I started playing with XMP as the memory voltage seemed low.  But that got me looking at other voltages and ultimately lead me to start thinking about vdroop. (That was a long and twisted path that I won't bore everyone with.)

 

Ultimately if I did find that if I set LLC to "Low", the system stopped throwing errors and Prime95 ran for slightly over 8 hours before I stopped it.  I have another small FFT run going right now and it's behaving similarly.

 

What I'm now faced with is what do with this mess.  I do think the chip is beast and even in my short time I've come to really like it, but I also want something that's long term stable and doesn't have monsters lurking inside it just waiting for the right (and inopportune) time to come leaping out and reeking havoc.

 

While I now know how to keep said monsters locked up where they don't show themselves, I don't really like that I had to tweak something in the UEFI to get it to be stable.  I've never had to do that with any other chip and I've never seen a chip that didn't pass basic (albeit strenuous) tests.  I cannot decide:

 

  • If there is some problem with how the "Auto"/"Normal"/"Standard" LLC setting is implemented in the Gigabyte UEFI (all three seem to be the same.)
  • If there is some system power supply issue that is showing up on power hungry chips like the 3950x and the Threadripper series (there are several folks in other forums reporting similar issues with Prime95 and these chips)
  • If this has something to do with the fact that the memory seems to be under-volted.
  • If there is a problem with my specific chip.
  • If there is a problem with some other component (motherboard, memory, or PSU.)  All are going to get tested as best I can.
  • Or if I should be glad that I know how to keep this controlled and be happy with what I have.

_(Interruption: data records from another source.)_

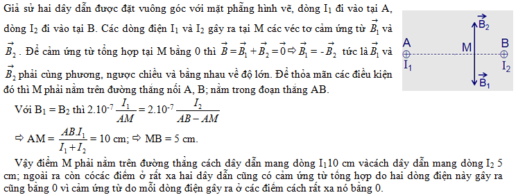 Hai dây dẫn thẳng, rất dài, đặt song song, cách nhau 15 cm trong không khí, có hai dòng điện cùng chiều, có cường độ I1 = 10 A,I2 = 5 A chạy qua. Xác định điểm M mà tại đó cảm ừng từ tổng hợp do hai dòng điện này gây ra bằng 0.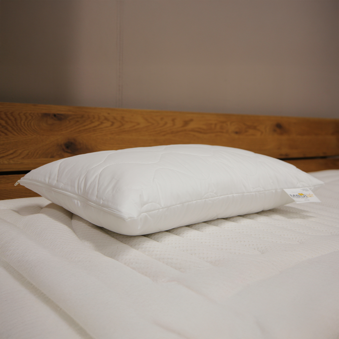 Das Kissen Pilatus steht für höchsten Schlafkomfort und Schweizer Handwerkskunst. In mehreren Schichten aufgebaut, kombiniert es sorgfältig ausgewählte Materialien für eine optimale Stützfunktion und ein angenehm weiches Liegegefühl. Die leicht gewellte Aussenhülle besteht aus reiner, weisser Baumwolle mit einer feinen Polyesterfüllung und sorgt für ein hygienisches, trockenes Schlafklima.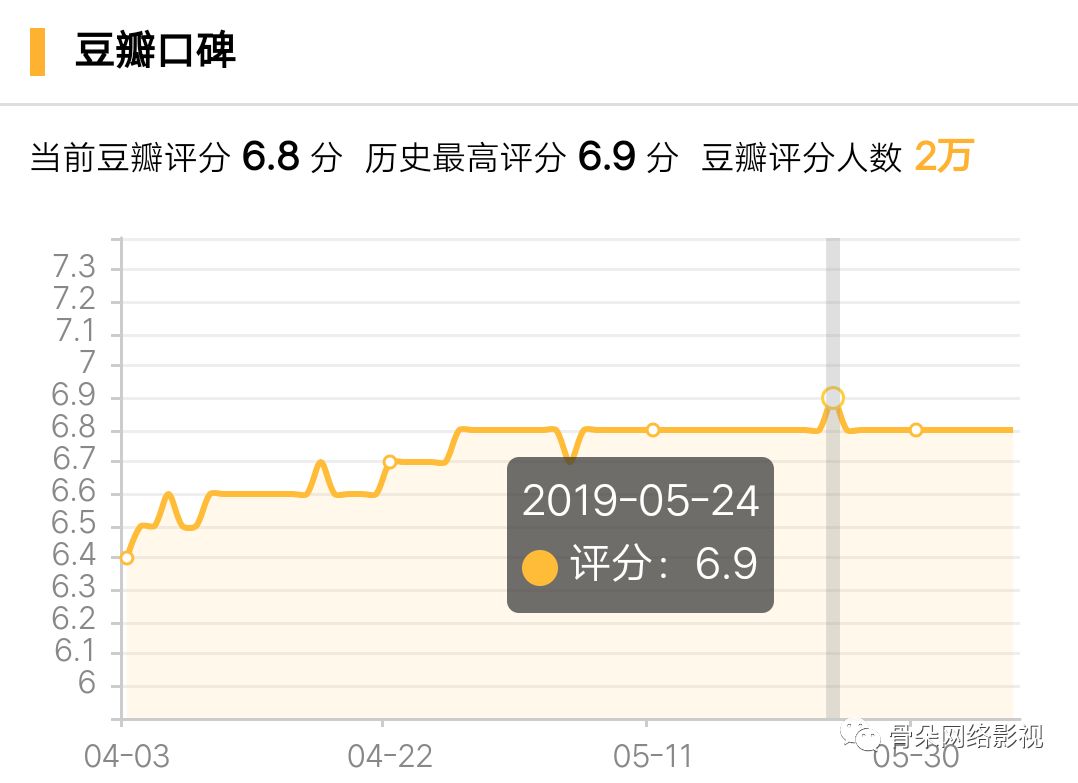 豆瓣评分人数2万,豆瓣汗青最下评分6.9分。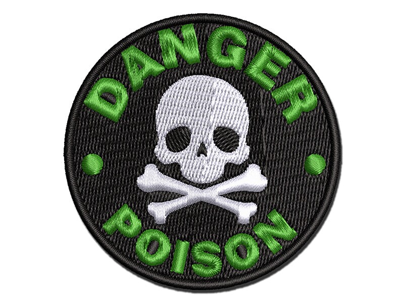 Danger Poison Skull and Cross Bones Multi-Color Embroidered Iron-On or Hook & Loop Patch Applique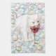 Cette serviette de thé d'amusement pour des propriétaires de chat et des amateurs de vin rouges comporte une illustration vintage d'un chaton blanc adorable buvant d'un grand verre de vin rouge. L'arrière - plan est un motif des bulles savonneuses colorées. Le lavage des plats et des verres est toujours une corvée, mais cette serviette de thé mignonne pourrait la faire moins d'un trou.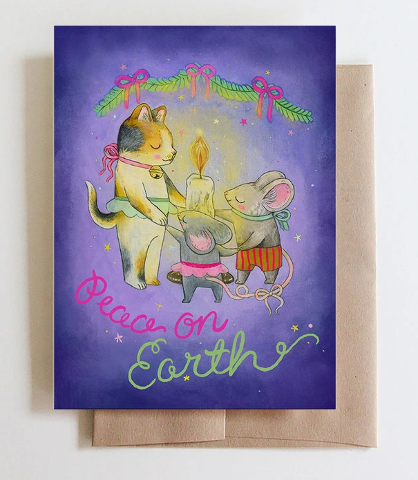 This sweet greeting card features the statement "peace on earth" and displays a cat and mice holding hands around a candle. The card is blank on the inside. About 6" tall and 5" wide. Envelope included.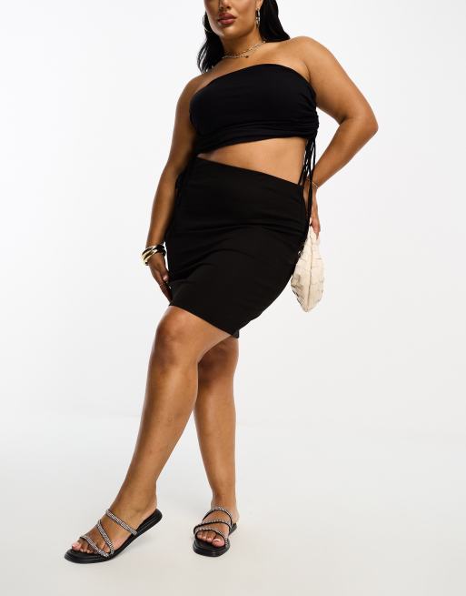 Pieces Curve - Sort højtaljet pencilnederdel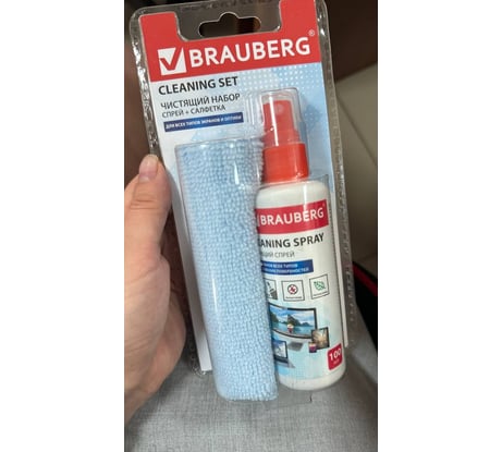 Чистящий набор BRAUBERG для ухода за экранами плазменных панелей, ЖК-мониторов, телевизоров и смартфонов легко удаляет пыль, отпечатки пальцев и другие загрязнения.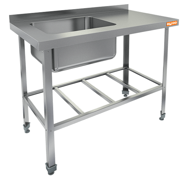 Ванна моечная ВМЛ-2 900*540*850 увел. полка с отвер. для смес. на мойку, борт, сварная мойка нерж. 1,0мм, каркас-уголок оцинк.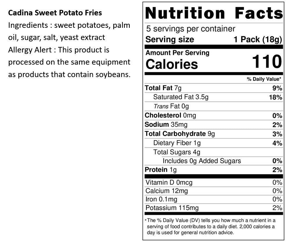 Ingredients: Sweet potato, palm oil, sugar, sea salt, yeast extract

I did also read a description posted by a guy in another forum who had an issue similar to mine.  He decided to RMA his chip, and has ended up, two RMAs later, with one that behaves worse than either of it's predecessors.  That is train I totally don't want to get on.  

 

I figured that I'd see what folks here thought about this.

 

Thank you in advance for any input you might have, and sorry for the long post.

Link to comment
Share on other sites

Link to post
Share on other sites

7 minutes ago, delray_kevin said:

<big snip>

Have you tried a total reset/clear of the CMOS?

I frequently edit any posts you may quote; please check for anything I 'may' have added.

 

Did you test boot it, before you built in into the case?

WHY NOT...?!

Link to comment
Share on other sites

Link to post
Share on other sites

I wouldn't run small fft even on stock settings. If you are not having problems on anything other than p95, then i'd say ur fine. soc voltage needs to be 1.1v at least and ram 1.35v or 1.4v. The 3950x really isn't a power hungry chip unless you oc it, and even if u try to oc it it doesn't go far anyway, so 750w psu  is enough. The most likely "problem" is indeed vdroop, but again, if it's just p95 throwing errors i wouldn't worry about it, even a boomer like me stopped using p95.

5950x 1.33v 5.05 4.5 88C 195w ll R20 12k ll drp4 ll x570 dark hero ll gskill 4x8gb 3666 14-14-14-32-320-24-2T (zen trfc)  1.45v 45C 1.15v soc ll 6950xt gaming x trio 325w 60C ll samsung 970 500gb nvme os ll sandisk 4tb ssd ll 6x nf12/14 ippc fans ll tt gt10 case ll evga g2 1300w ll w10 pro ll 34GN850B ll AW3423DW

 

9900k 1.36v 5.1avx 4.9ring 85C 195w (daily) 1.02v 4.3ghz 80w 50C R20 temps score=5500 ll D15 ll Z390 taichi ult 1.60 bios ll gskill 4x8gb 14-14-14-30-280-20 ddr3666bdie 1.45v 45C 1.22sa/1.18 io  ll EVGA 30 non90 tie ftw3 1920//10000 0.85v 300w 71C ll  6x nf14 ippc 2000rpm ll 500gb nvme 970 evo ll l sandisk 4tb sata ssd +4tb exssd backup ll 2x 500gb samsung 970 evo raid 0 llCorsair graphite 780T ll EVGA P2 1200w ll w10p ll NEC PA241w ll pa32ucg-k

 

prebuilt 5800 stock ll 2x8gb ddr4 cl17 3466 ll oem 3080 0.85v 1890//10000 290w 74C ll 27gl850b ll pa272w ll w11

 

Link to comment
Share on other sites

Link to post
Share on other sites

42 minutes ago, delray_kevin said:

<le snip>

What kind of voltage droop are you seeing on the +12V rail during small FFT's?

 

Turbo is normal, and is not an OC for this chip, but many BIOS's apply a modification the power requirements, which bring it into an OC. It might be that this one is doing that, allowing the chip to draw more power than expected. Disabling PBO can sometimes help with this, or attempting to set the powers manually, if it's possible on your board (I run MSI, so I can't speak for Gigabyte)

 

Adding LLC is the appropriate response to this condition, as it helps to counter-act the voltage drop inherent with high currents, which is to say, it'll help keep your VCore reasonable at high loads, while lightening up accordingly for idle. Too much LLC is a bad thing too particularly for boots though, so as long as you aren't maxxing it out/getting close, you should be totally fine.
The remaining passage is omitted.